» **TASK ITEM**:
Return the full listing character for character, without its pictures.

» **DATA SEGMENT**:
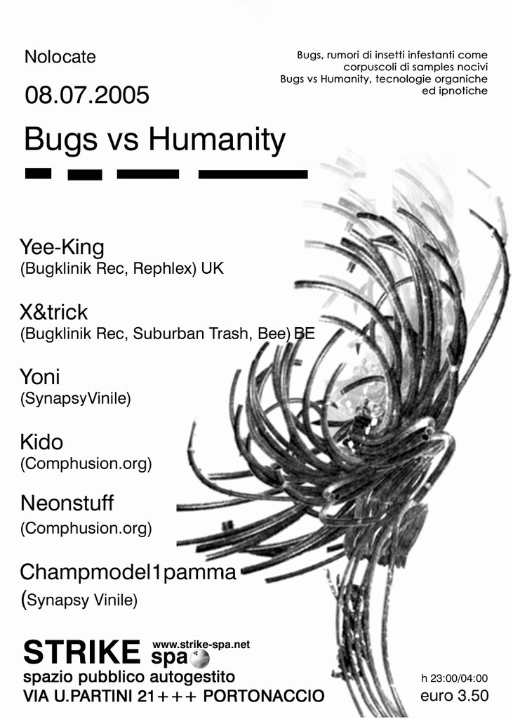 Nell’ambito delle innumerevoli etichette indipendenti europee la belga Bugklinik si propone come una delle più interessate alla sperimentazione di beat selvaggi e atmosfere melodiche. Una sorta di ponte ideale tra le etichette storiche degli anni novanta e gli artisti del nuovo millennio. Reminiscenze IDM si fondono assieme alle frenesie digitali della Breakcore creando un impatto devastante. Nata in Belgio nel 2004 e legata ad etichette come la Rephlex e la Planet Mu, il progetto è legato a doppio filo a quello dei connazionali del collettivo Comphusion, gruppo di musicisti indipendenti impegnato in live-set tra il nord europa e in Italia grazie al lavoro di altre produzioni indipendenti come Synapsy Vinile e Stirpe 999. Obiettivo della serata è proporre un evento che sia capace di coinvolgere il maggior numero possibile di persone interessate ad un approccio all’arte e alla musica non mediato da problemi di distribuzione e di copyright e che credono nella libera circolazione di persone, progetti e musica. Per questi motivi la scelta di un posto come lo Strike, da sempre impegnato a proposte musicali, e non solo, rigorosamente al di fuori dei canali commerciali mainstream, può essere l’occasione perfetta per unire un evento di qualità elevata senza alcuna mediazione istituzionale, di moda o di genuflessione a qualsivoglia presunto hype postmoderno...
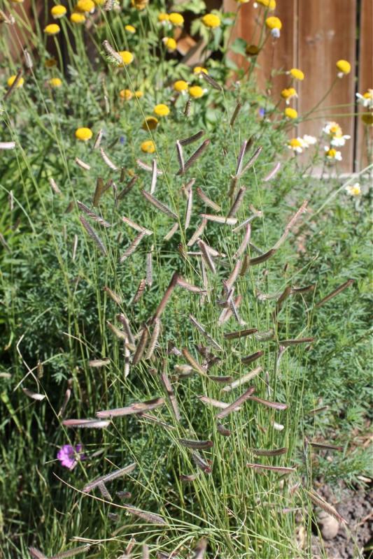 Nigella hispanica and Ratibida pinnata with Melica ciliata in the foreground. The birds have found the Melica seeds tasty, so they've been nibbled on.
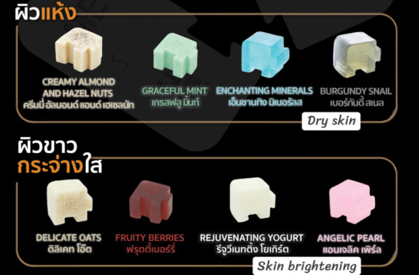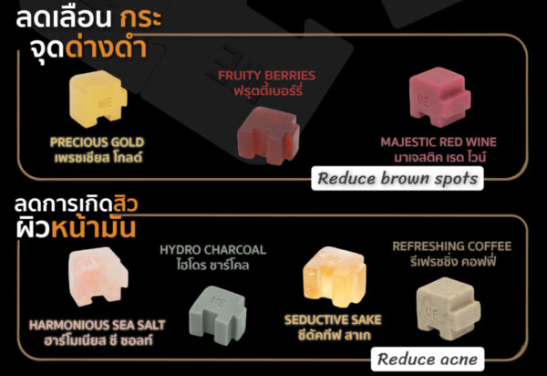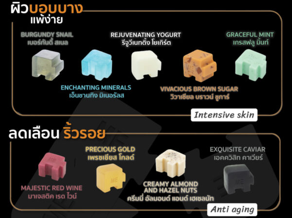 รายชื่อสบู่จิ๊กซอว์ ME เกรดพรีเมี่ยม ทั้ง 25 สูตร ที่มีให้เลือกใช้เหมาะกับทุกสภาพผิวใบหน้าของแต่ละคน ประกอบด้วยสูตรต่างๆ ดังนี้

» **SOLUTION TO THE EXERCISE**:
 Nell’ambito delle innumerevoli etichette indipendenti europee la belga Bugklinik si propone come una delle più interessate alla sperimentazione di beat selvaggi e atmosfere melodiche. Una sorta di ponte ideale tra le etichette storiche degli anni novanta e gli artisti del nuovo millennio. Reminiscenze IDM si fondono assieme alle frenesie digitali della Breakcore creando un impatto devastante. Nata in Belgio nel 2004 e legata ad etichette come la Rephlex e la Planet Mu, il progetto è legato a doppio filo a quello dei connazionali del collettivo Comphusion, gruppo di musicisti indipendenti impegnato in live-set tra il nord europa e in Italia grazie al lavoro di altre produzioni indipendenti come Synapsy Vinile e Stirpe 999. Obiettivo della serata è proporre un evento che sia capace di coinvolgere il maggior numero possibile di persone interessate ad un approccio all’arte e alla musica non mediato da problemi di distribuzione e di copyright e che credono nella libera circolazione di persone, progetti e musica. Per questi motivi la scelta di un posto come lo Strike, da sempre impegnato a proposte musicali, e non solo, rigorosamente al di fuori dei canali commerciali mainstream, può essere l’occasione perfetta per unire un evento di qualità elevata senza alcuna mediazione istituzionale, di moda o di genuflessione a qualsivoglia presunto hype postmoderno...
 Nigella hispanica and Ratibida pinnata with Melica ciliata in the foreground. The birds have found the Melica seeds tasty, so they've been nibbled on.
 รายชื่อสบู่จิ๊กซอว์ ME เกรดพรีเมี่ยม ทั้ง 25 สูตร ที่มีให้เลือกใช้เหมาะกับทุกสภาพผิวใบหน้าของแต่ละคน ประกอบด้วยสูตรต่างๆ ดังนี้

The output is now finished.